Ashton's main building and grounds began as Dunstable Grammar School, founded by Frances Ashton in 1728 and built in 1887. It officially took on its middle school name and status in 1973.

Bedfordshire changed from a two-tier school system to a three-tier system (lower, middle and upper) in 1972, the concept of middle schools originally being mooted in the 1967 Plowden Report. At the time of closing, it was one of fewer than 200 middle schools in England.

In August 2014 Central Bedfordshire Council made the decision to close Ashton Middle School in 2016. The council claims that falling pupil numbers are making the school financially unviable, however the Church of England Diocese of St Albans is currently consulting on whether to appeal the closure. The closure of the school is part of a reorganisation of schooling in Dunstable which is expected to ultimately lead to closure of three middle schools in the area. However the school closed at the end of the Summer term in 2016.

== Facilities ==

The school had five buildings, the "A" block being the largest and oldest, situated parallel to Watling Street, mainly used for maths and French lessons and secretary duties. It also housed a matrons office, a library, the main hall and school chapel. The "B" block was primarily for the new intake form classes. The "C" block was multipurpose but included science labs and design-technology rooms. The "D" block was used for history, geography and music teaching; and the "E" block contained lockers and storage.

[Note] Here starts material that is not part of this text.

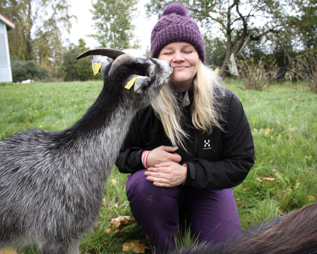 Vuohien kanssa ulkoilemassa kotipihallamme
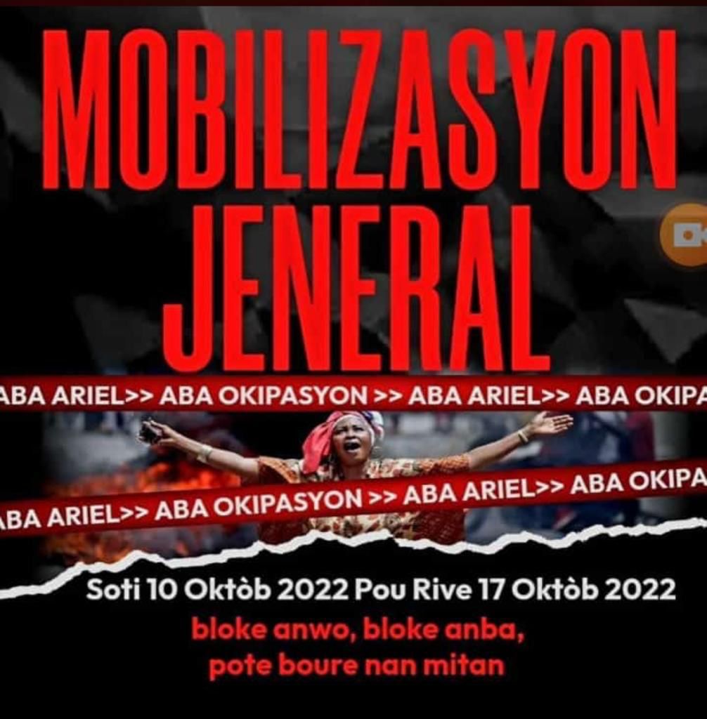 Pour dire non à l’Occupation, ce que les haïtiens en 1915 ont combattu lors de l’implantation de « la corvée », une série de mobilisation est prévue d’ici lundi matin 10 octobre sur tout le territoire national. L’objectif, selon des militants interrogés, est de « vomir à la face du monde Ariel Henry et son plan d’occupation pour faire passer le plan PHTK et l’international« .

Other facilities included an astroturf pitch, PE block with an indoor gym, and a ball court for the children.

== School houses ==
The school had a house system named after four English cathedrals.

| House | Colours |
|---|---|
| Ely |  |
| Wells |  |
| York |  |
| Lincoln |  |

Competition between the houses included a sports day, swimming gala and merit marks, and football, hockey, cricket, rugby, tag rugby and athletics (long jump, high jump, javelin, shot put and track events). The school garden was rebuilt as a memorial to a former year 8 student, Hayley Spokes.

== Ofsted report ==
A section 5 Ofsted inspection was carried out and the report published on 16 March 2011. In the report the school was deemed "inadequate" by education watchdog Ofsted. The report stated "Significant improvement is required in relation to the progress of pupils with special educational needs and/or disabilities, and the use of assessment to provide individual pupils with appropriate guidance, challenge and support."

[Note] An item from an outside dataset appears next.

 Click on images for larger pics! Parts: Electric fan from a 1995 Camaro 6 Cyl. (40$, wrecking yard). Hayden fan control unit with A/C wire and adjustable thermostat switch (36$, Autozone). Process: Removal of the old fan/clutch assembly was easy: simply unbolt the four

The Ofsted inspection of March 2012 found the school to be "satisfactory and improving, with good features".

== Closure ==
It was announced in 2014 that three local schools were to close. Ashton Middle School being one of the three. In that time school pupil numbers diminished to less than a class full during its final days. Ashton Middle School officially closed its doors and ceased to be a school on 31 August 2016. The site is now called "Ashton Grove".

== Future of Ashton ==
The site of Ashton Middle School is now a new development of 113 homes and apartments. A large proportion of the site was demolished, including C Block, B Block, Boiler house and swimming pool changing areas (Later were the Site Agents office and ICT Office).